**EXERCISE MATERIALS**
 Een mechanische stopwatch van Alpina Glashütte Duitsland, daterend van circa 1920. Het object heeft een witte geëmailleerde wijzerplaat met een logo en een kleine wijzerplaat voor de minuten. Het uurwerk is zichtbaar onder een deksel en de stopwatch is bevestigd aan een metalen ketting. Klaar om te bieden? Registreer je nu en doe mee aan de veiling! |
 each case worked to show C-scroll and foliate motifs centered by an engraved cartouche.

* * *

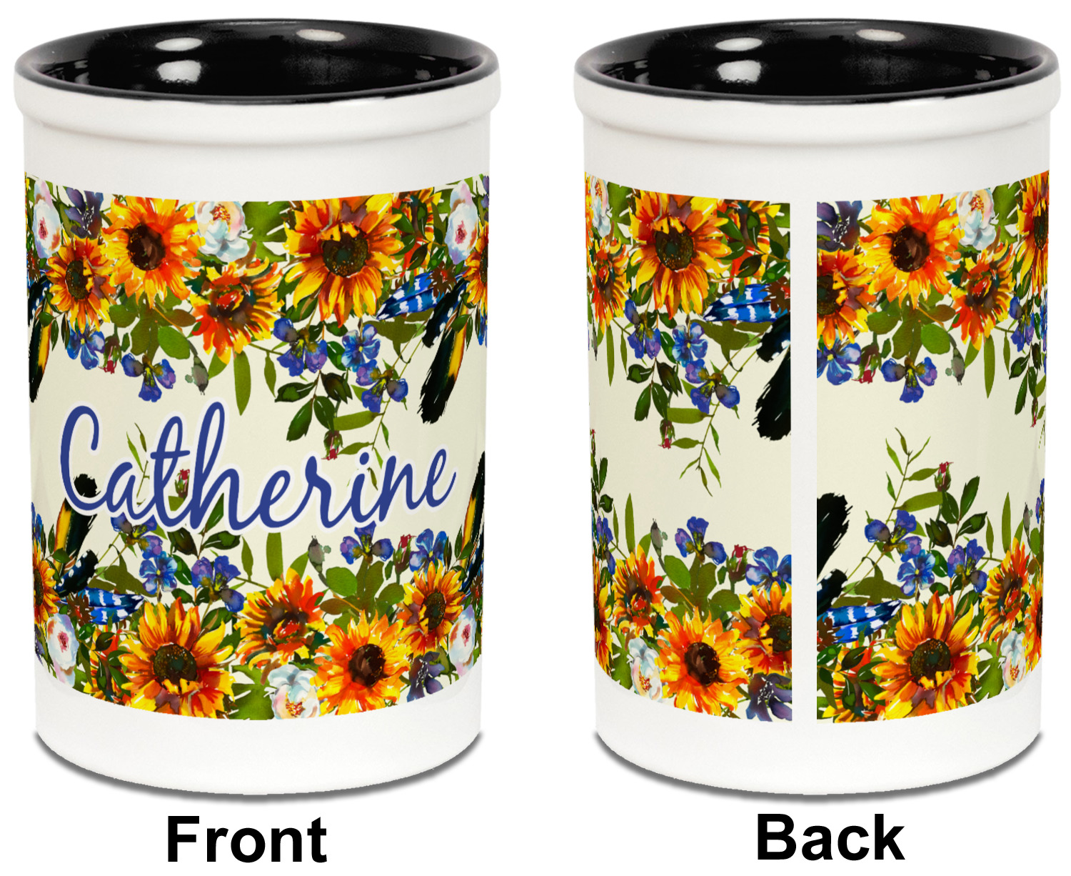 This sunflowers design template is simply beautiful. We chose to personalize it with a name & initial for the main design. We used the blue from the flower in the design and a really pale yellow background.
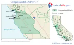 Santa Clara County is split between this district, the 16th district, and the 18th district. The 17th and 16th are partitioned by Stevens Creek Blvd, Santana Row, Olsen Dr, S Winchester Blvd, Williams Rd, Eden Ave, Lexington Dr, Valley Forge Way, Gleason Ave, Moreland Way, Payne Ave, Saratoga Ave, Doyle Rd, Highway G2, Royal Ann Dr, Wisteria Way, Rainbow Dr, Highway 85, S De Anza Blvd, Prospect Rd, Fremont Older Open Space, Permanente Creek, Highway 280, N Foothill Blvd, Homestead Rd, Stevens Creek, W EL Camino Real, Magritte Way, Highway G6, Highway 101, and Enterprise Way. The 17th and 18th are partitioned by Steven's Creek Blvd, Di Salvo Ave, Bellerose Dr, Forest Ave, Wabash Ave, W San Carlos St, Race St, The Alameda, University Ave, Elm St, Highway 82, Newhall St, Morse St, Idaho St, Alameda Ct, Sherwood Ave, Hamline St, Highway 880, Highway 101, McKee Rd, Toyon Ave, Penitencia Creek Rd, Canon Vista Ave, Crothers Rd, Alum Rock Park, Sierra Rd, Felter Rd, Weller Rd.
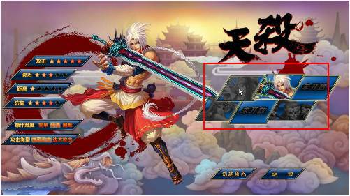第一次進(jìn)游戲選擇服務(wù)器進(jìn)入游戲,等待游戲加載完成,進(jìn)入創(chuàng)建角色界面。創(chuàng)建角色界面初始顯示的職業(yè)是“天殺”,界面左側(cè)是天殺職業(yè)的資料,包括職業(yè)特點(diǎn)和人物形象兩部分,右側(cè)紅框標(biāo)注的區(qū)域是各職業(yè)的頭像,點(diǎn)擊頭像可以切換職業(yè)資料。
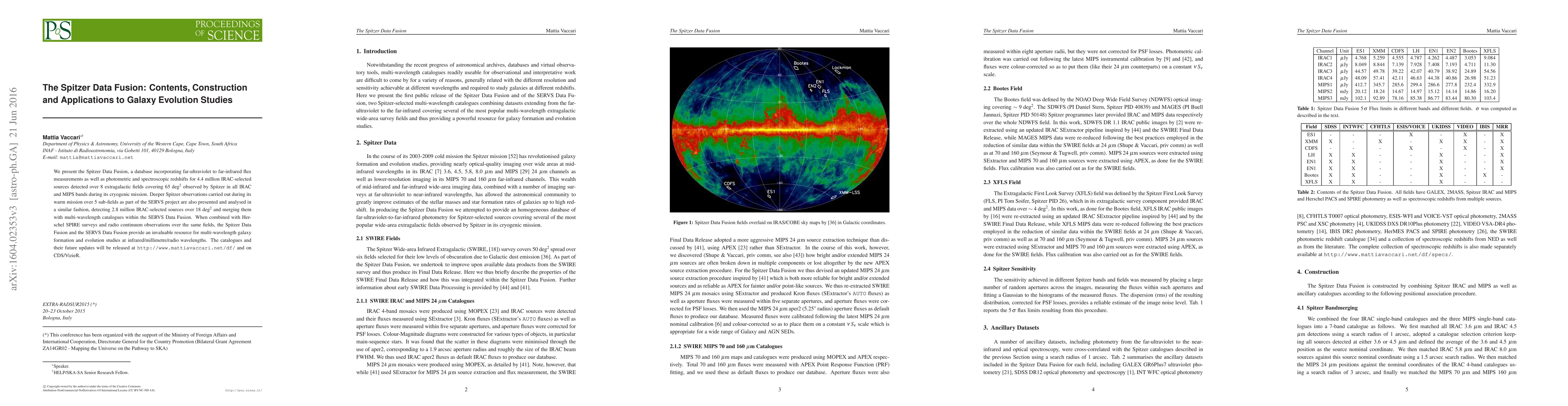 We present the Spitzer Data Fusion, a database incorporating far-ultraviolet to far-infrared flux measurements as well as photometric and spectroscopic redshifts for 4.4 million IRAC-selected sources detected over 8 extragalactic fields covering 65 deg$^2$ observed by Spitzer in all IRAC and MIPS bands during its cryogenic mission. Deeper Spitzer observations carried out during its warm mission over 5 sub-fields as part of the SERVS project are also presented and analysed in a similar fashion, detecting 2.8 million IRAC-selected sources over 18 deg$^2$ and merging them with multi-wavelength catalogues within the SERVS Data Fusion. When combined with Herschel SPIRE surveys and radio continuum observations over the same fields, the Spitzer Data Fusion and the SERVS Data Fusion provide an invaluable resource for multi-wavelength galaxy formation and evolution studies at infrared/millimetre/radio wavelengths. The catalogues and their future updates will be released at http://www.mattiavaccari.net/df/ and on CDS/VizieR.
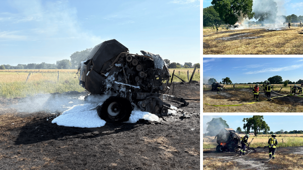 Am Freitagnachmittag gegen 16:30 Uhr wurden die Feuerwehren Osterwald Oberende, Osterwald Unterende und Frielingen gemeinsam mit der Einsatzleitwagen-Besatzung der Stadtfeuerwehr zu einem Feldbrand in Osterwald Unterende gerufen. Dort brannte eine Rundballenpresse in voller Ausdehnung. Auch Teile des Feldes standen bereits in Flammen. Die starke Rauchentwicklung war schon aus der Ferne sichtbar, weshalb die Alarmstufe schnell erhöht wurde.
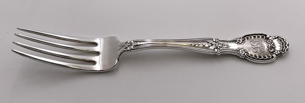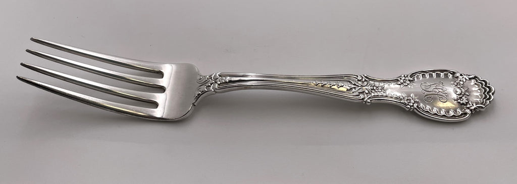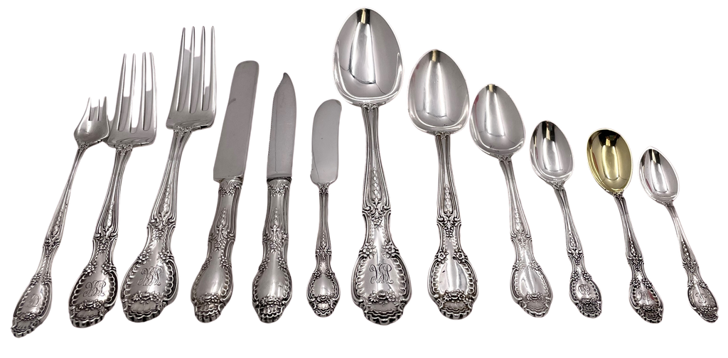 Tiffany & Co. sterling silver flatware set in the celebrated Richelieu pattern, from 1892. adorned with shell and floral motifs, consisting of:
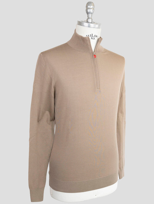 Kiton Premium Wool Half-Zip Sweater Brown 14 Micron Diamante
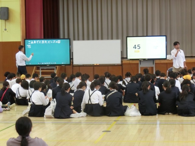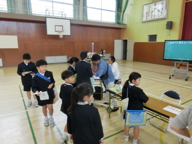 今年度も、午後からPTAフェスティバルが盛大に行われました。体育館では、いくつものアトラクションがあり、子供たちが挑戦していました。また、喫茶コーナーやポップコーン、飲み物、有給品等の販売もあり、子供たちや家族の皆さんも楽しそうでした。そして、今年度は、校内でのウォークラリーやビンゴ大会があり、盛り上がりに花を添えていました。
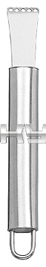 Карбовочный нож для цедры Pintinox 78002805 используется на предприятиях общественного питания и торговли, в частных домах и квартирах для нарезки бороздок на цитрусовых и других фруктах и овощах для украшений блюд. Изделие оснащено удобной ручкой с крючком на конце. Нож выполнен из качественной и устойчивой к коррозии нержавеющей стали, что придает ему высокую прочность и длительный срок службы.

...

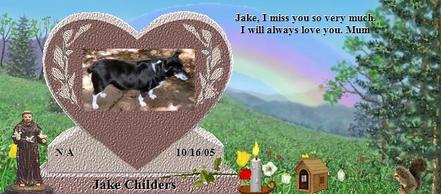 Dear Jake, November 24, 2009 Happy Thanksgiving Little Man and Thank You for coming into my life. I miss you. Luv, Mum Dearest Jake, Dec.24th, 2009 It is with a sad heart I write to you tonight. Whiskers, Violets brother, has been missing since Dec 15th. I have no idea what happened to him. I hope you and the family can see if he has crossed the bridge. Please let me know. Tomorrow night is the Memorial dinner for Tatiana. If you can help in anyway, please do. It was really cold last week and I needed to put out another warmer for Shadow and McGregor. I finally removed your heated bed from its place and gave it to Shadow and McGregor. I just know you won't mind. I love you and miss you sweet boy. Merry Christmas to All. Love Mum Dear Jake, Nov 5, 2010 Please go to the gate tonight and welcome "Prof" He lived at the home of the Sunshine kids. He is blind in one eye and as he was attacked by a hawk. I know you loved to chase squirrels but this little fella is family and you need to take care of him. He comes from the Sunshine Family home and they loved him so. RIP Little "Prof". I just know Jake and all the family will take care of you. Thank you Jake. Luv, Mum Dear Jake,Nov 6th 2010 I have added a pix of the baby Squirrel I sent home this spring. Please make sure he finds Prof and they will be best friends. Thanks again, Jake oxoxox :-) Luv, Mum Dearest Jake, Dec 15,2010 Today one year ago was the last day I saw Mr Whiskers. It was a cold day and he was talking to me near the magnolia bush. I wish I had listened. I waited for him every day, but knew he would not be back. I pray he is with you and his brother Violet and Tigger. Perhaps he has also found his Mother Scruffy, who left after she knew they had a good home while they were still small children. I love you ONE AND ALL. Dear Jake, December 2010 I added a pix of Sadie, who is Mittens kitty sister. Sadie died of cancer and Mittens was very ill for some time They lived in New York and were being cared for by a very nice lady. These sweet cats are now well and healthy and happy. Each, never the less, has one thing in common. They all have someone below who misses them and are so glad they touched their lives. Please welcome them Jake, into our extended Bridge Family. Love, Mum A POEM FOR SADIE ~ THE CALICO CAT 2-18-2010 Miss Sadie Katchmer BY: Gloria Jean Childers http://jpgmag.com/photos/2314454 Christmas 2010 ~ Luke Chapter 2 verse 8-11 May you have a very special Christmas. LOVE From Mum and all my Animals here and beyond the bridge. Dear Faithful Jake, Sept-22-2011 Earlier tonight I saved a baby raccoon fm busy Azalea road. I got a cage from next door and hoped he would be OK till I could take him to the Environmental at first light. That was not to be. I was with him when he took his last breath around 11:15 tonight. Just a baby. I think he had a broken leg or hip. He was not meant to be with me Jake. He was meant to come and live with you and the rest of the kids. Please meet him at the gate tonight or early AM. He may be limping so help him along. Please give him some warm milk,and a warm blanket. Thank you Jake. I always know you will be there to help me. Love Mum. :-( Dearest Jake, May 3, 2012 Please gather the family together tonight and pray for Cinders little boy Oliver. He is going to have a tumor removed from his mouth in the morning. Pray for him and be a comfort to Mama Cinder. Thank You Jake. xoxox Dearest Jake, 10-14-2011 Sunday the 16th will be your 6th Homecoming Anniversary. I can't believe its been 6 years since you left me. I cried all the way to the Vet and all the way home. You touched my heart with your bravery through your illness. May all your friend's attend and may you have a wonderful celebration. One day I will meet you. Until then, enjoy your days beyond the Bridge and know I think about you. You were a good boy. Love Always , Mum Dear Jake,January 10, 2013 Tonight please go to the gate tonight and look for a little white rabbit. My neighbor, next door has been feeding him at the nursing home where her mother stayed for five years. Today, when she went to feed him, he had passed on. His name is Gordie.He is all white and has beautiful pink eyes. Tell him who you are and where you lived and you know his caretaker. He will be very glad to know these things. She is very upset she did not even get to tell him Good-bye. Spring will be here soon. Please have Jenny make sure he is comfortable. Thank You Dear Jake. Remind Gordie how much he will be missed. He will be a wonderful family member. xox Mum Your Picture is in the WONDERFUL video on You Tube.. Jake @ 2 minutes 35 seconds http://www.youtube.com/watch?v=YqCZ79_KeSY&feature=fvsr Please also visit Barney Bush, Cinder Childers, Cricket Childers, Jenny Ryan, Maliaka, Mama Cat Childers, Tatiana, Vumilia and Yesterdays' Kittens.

**WORK TO COMPLETE**
Begin with the line above that has "Een mechanische stopwatch" and continue through the line that has "each case worked", setting each one down exactly. Stop there.

**ANSWER SPACE**
 Een mechanische stopwatch van Alpina Glashütte Duitsland, daterend van circa 1920. Het object heeft een witte geëmailleerde wijzerplaat met een logo en een kleine wijzerplaat voor de minuten. Het uurwerk is zichtbaar onder een deksel en de stopwatch is bevestigd aan een metalen ketting. Klaar om te bieden? Registreer je nu en doe mee aan de veiling! |
 each case worked to show C-scroll and foliate motifs centered by an engraved cartouche.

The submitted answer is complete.